> _Your task_:
After locating the line that contains "tシャツ ニットボーダー半袖ポロシャツ レディース", quote it and all lines after it through the end of the entries, and nothing more. Pictures stay out.

> _Extracted entries_:
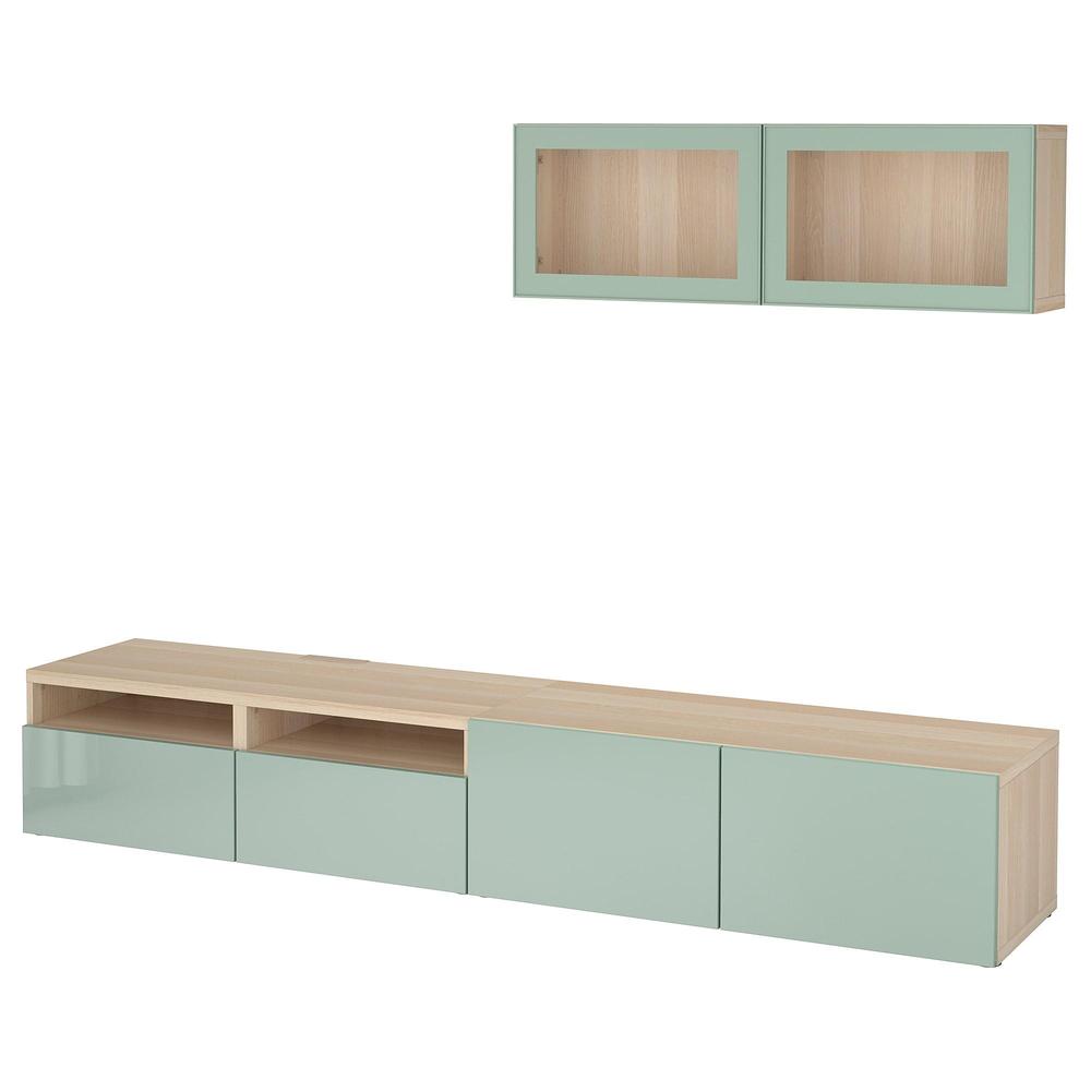 БЕСТО Шкаф для ТВ, комбин/стеклян дверцы - под беленый дуб Сельсвикен/глянцевый/серо-зеленый светлый прозрачное стекло, направляющие ящика, плавно закр 0.0/5 оценка (0 голосов)
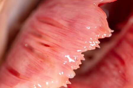 raw meat, veal heart, blood vessels and arteries close-up, heart anatomy.
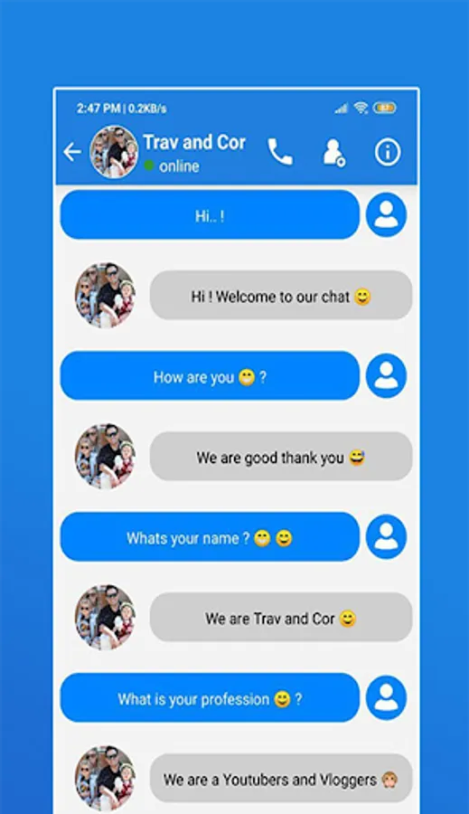 Trav and Cor Fake Call, Today you can prank your friends and joke with them, Connect to Trav and Cor fake Call by clicking on the fake chat button and have fun with your friends.
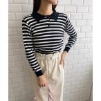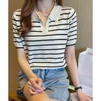 tシャツ ニットボーダー半袖ポロシャツ レディース
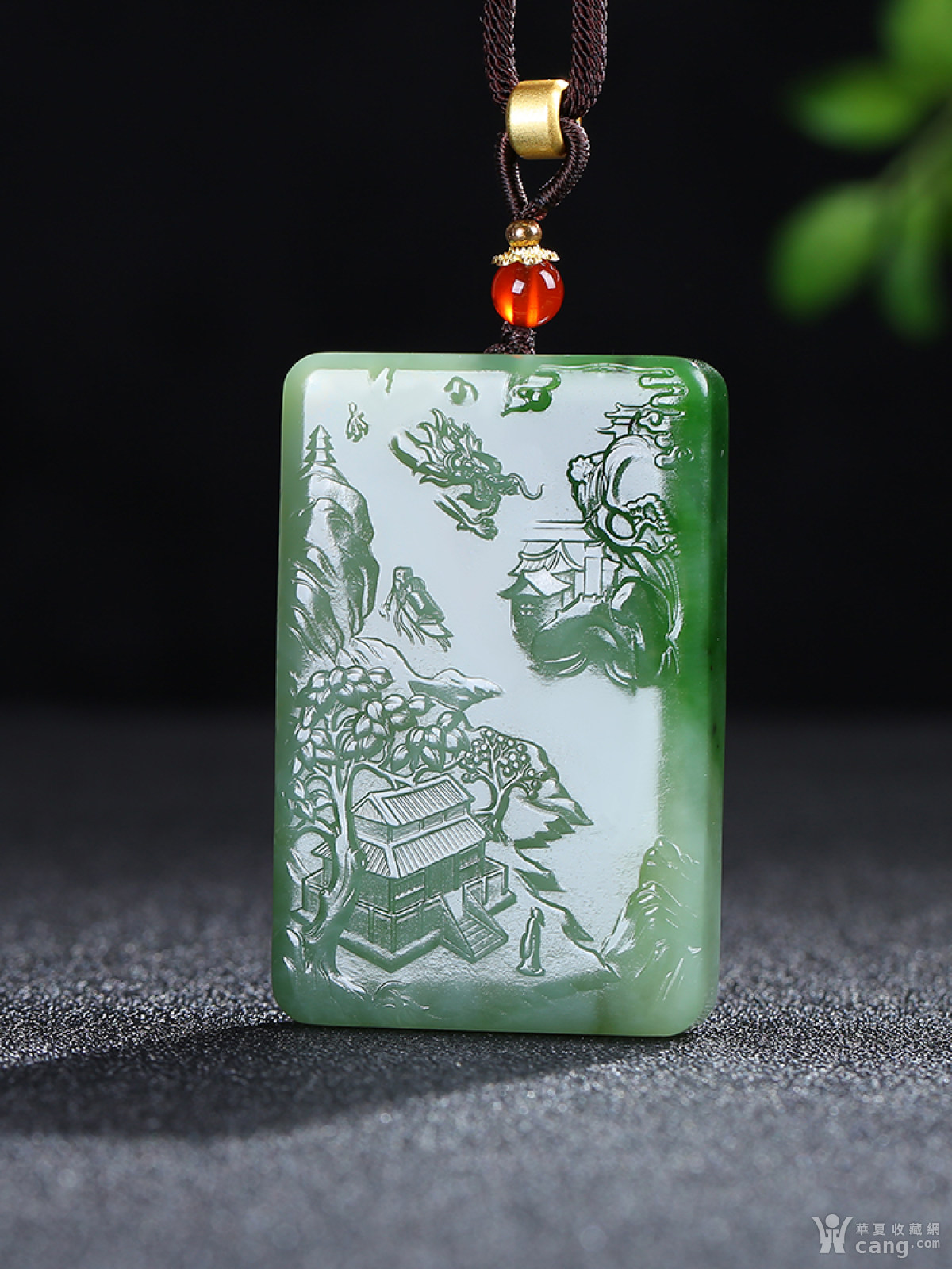 [龙佑一方]王朝安和田玉碧玉生肖龙山水牌子吊坠76.19g

> _Reply_:
 tシャツ ニットボーダー半袖ポロシャツ レディース
 [龙佑一方]王朝安和田玉碧玉生肖龙山水牌子吊坠76.19g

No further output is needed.